К сожалению и неожиданности ныне в городе произошли среди бела дня убийство и ранение трёх японцев, что заставило меня принять на свою ответственность защиту жизни и имущества подданных Японской Империи и, следовательно, я принуждён высадить десант с вверенной мне эскадры и принять меры, какие считаю соответствующими. О дальнейшем направлении мною у Японского Императорского правительства испрошена инструкция.
Однако так как принятые мною меры заключаются в защите японских подданных, то ещё раз заявляю, что горячо питаю глубокую дружбу и сочувствие русским властям и русскому народу и у меня нет иной мысли и желания, чтобы русский народ ни о чём не беспокоился и, как обыкновенно, занимался своими делами.
5 апреля 7 г. Тайсио
Командующий Японскою Эскадрою
Контр-адмирал Хирокару Като».
– Отпечатано в типографии «Владиво-ниппо». К тому же сегодня ещё только четвёртое апреля седьмого года Тайсио, – подчеркнул Проминский, вытягивая длинные ноги в щегольских хромовых сапогах.
Стиснув трубку подрагивающими губами, Костя подошёл к окну. Со всеми шлюпками на местах, «Ивами» ничем не выказывал своих намерений. Лишь его флаг стремился по ветру на берег. И синие лучи протавренного на полотнище солнца извивались, точно щупальца спрута, готового в любой момент задушить свою жертву. Все слова были никчёмны.

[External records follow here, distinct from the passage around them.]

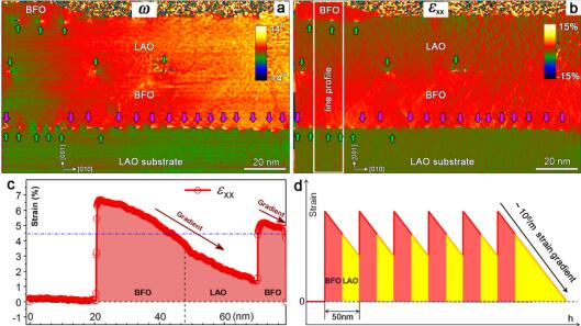 金属所沈阳材料科学国家(联合)实验室的固体原子像界面结构研究团队长期致力于材料基础科学问题的电子显微学研究,经过多年的学术积累,在解决上述基础科学难题方面近来取得突破。他们在利用脉冲激光沉积技术生长氧化物异质界面过程中,采用高通量模式,使BiFeO3/LaAlO3(001)界面产生新奇的、具有面外分量的a[011]刃型位错阵列。像差校正电子显微分析表明,这种新型位错阵列具有晶格旋转效应(类似弹性弯曲变形),使BiFeO3纳米结构中产生高达106/m的线性应变梯度。这种巨大的线性应变梯度通过弯电效应产生了数兆伏/m的内建电场(与传统半导体p-n结或肖特基结的内电场相当),同时也大幅度拓宽了BiFeO3纳米结构的可见光吸收范围。这表明巨大的线性应变梯度可实现对带隙的连续调控,进而影响光电响应特性,增强其光催化特性等。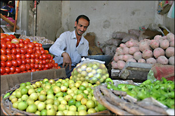 A UNHCR grant helped Iraqi refugee Ali Dakhil Aziz to set up his vegetable stall in Rawalpindi.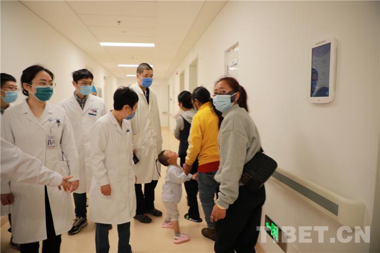 圖為來自青海省果洛藏族自治州的患兒卓瑪(化名)和措姆(化名)在家屬的陪同下出發(fā)前往手術(shù)室途中與正在查房的唇腭裂整形科醫(yī)生們相遇 攝影:劉莉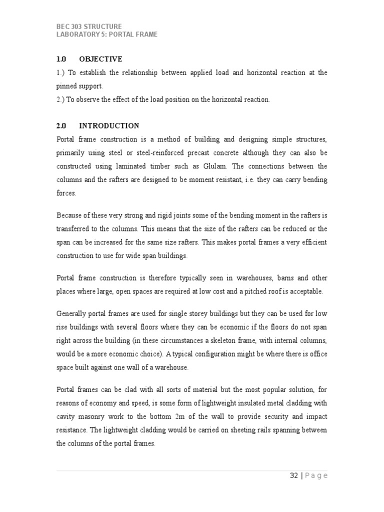 Lab Report Portal Frame Framing Construction Architectural Design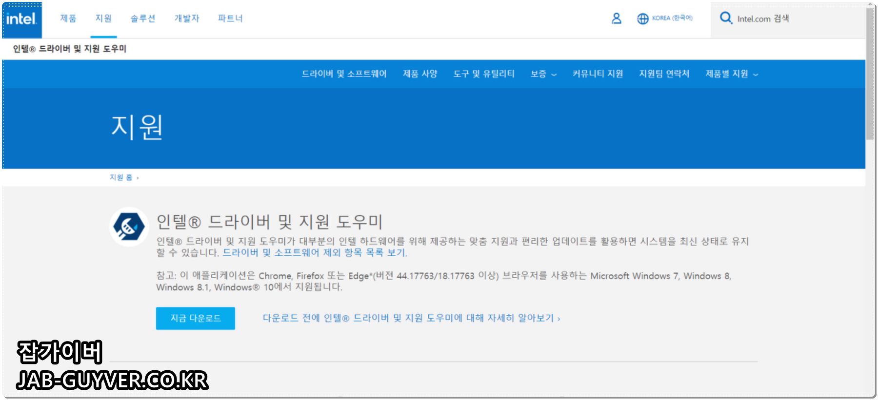 인텔 드라이버 및 지원 도우미 활용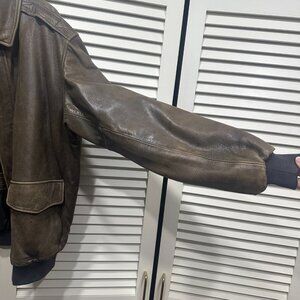 LL Bean Mens Vintage Goatskin Leather Bomber Jacket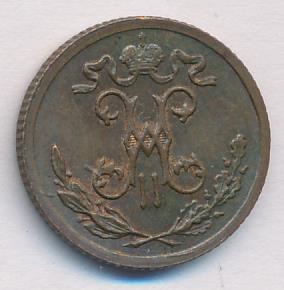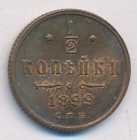 Лицевая сторона — вензель Александра II в венке из лавровой и дубовой ветвей; оборотная — обозначение номинала (1/2 копейки) и дата. Нормативный вес — 1,64 грамма, гурт рубчатый.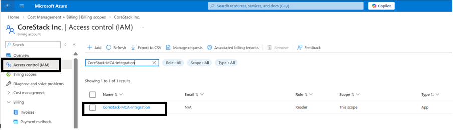 CoreStack requires the service principal to have Billing Account Reader access at the MCA billing account scope. This allows CoreStack to read billing profiles, invoice sections, and subscription data.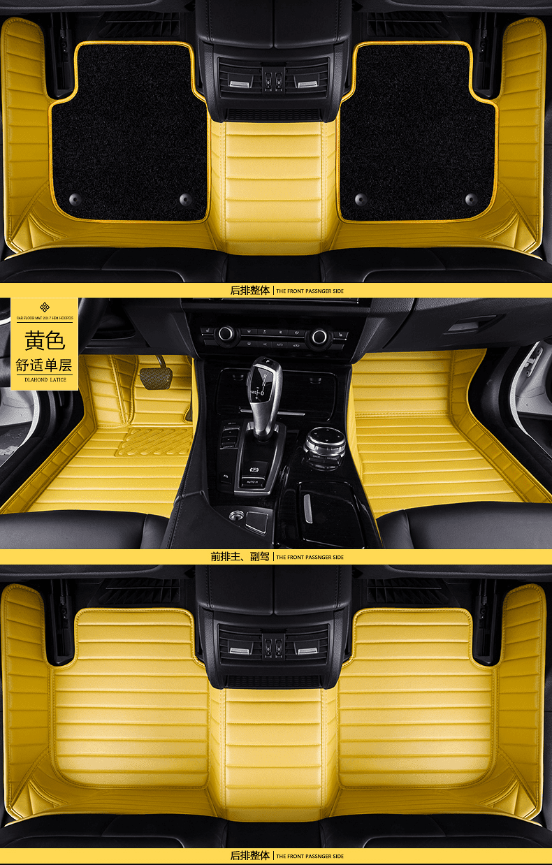 かわいい漫画都市の小さい精霊のベンツの斯馬特Smart 2門の4つの自動車のフロアマットのじゅうたんは水洗いすることができます女性BYBPの横の条の単一層の黄色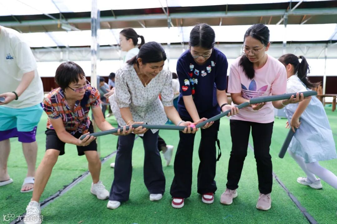 “珠行万里” 环节,众人手持 U 型槽接力运送小球,眼神专注紧盯小球轨迹,小心翼翼调整槽体角度,当小球稳稳抵达终点时,现场响起阵阵欢呼,团队协作的快乐在田园间尽情释放。

Однако Проминский вдруг разговорился, выкладывая свои варианты завтрашнего поведения союзников. Некоторые из версий были весьма интересными. Если бы консулы слышали их – с удовольствием бы воспользовались идеями, чтобы обвести друг друга. К сожалению, неуёмному Талейрану не удалось найти главное: надёжный способ избавиться от роковой неизбежности. Хотя даже тут он утешил, что в принципе опасность невелика: если японцы и высадятся, то в основном для защиты своих трёхэтажных борделей, которые грозил закрыть Исполком, не понимая, насколько те важны для спокойствия десантников, засидевшихся на опостылевшем крейсере. Ведь их вполне могли опередить американцы с англичанами. Вполуха слушая это, Костя недоумевал, как в такой ситуации он умудрялся ещё балагурить...
Затем случилось тоже непостижимое. Слоняясь по кабинету, Костя взглянул на объявление Като. Крупный траурный текст лежал на письменном столе вверх тормашками. Пожалуй, новый ракурс и высек столь же невероятную догадку: разве этот документ не является фактом высадки десанта? Пусть он ещё неважен для Москвы, зато вполне пригоден тут как обвинение в вероломстве! Лихорадочно скатывая в трубку зловещий лист, Костя всё выпалил Проминскому, который согласился:
– Бравенная мысль. Благословляю. И для надёжности готов сопровождать, чтобы вместе прорваться к Ленлопу.
Но им повезло. Натощак трудно митинговать с должным усердием. Проголодавшиеся «демонстранты» убыли на обед, освободив путь в консульство. Проминский остался около льва. В такой деликатный момент не стоит своим видом напоминать Ленлопу о недавнем аресте полковника Боткина. Вдобавок следует позаботиться о благополучном отходе.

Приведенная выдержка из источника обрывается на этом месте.